On the other hand, the original bevel was so convex that after a few camping trips it could no longer be sharpened at all. I got a bit disenchanted with it, until I put a new flat bevel on it with a Dremel and a diamond bit. Much happier now. UPDATE: The Dremeled bevel worked, but didn't look too good. More recently I got a sharpening station and put a beautiful flat bevel on it, a bit narrower angle than the Dremel one.
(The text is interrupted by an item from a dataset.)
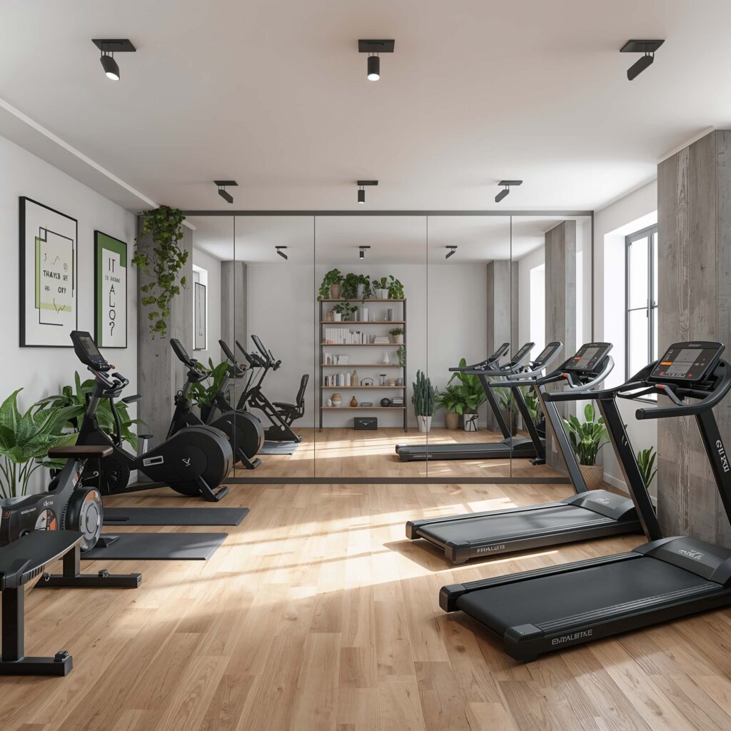 Mirrors aren’t just for checking form – they double the visual space and reflect light throughout the room. Mount them on at least two walls. Add a sound system because working out to tinny phone speakers is just sad.

So it's a five-star tool if you've already invested in the power tools you'll need to put a new bevel on it. If not, it's three stars, because you'll be spending a lot of time with a wood block and 60-grit sandpaper turning it into a usable hatchet. Frustrating, but true: People these days sell you tools that are simply not ready to be used, and those are the good ones -- the bad ones can't be made usable at all. And it's because customers put up with it. You know what Snow & Neally charges? It's an outrage -- and you'll be grinding a new bevel on their axes, too. What a dismal bummer.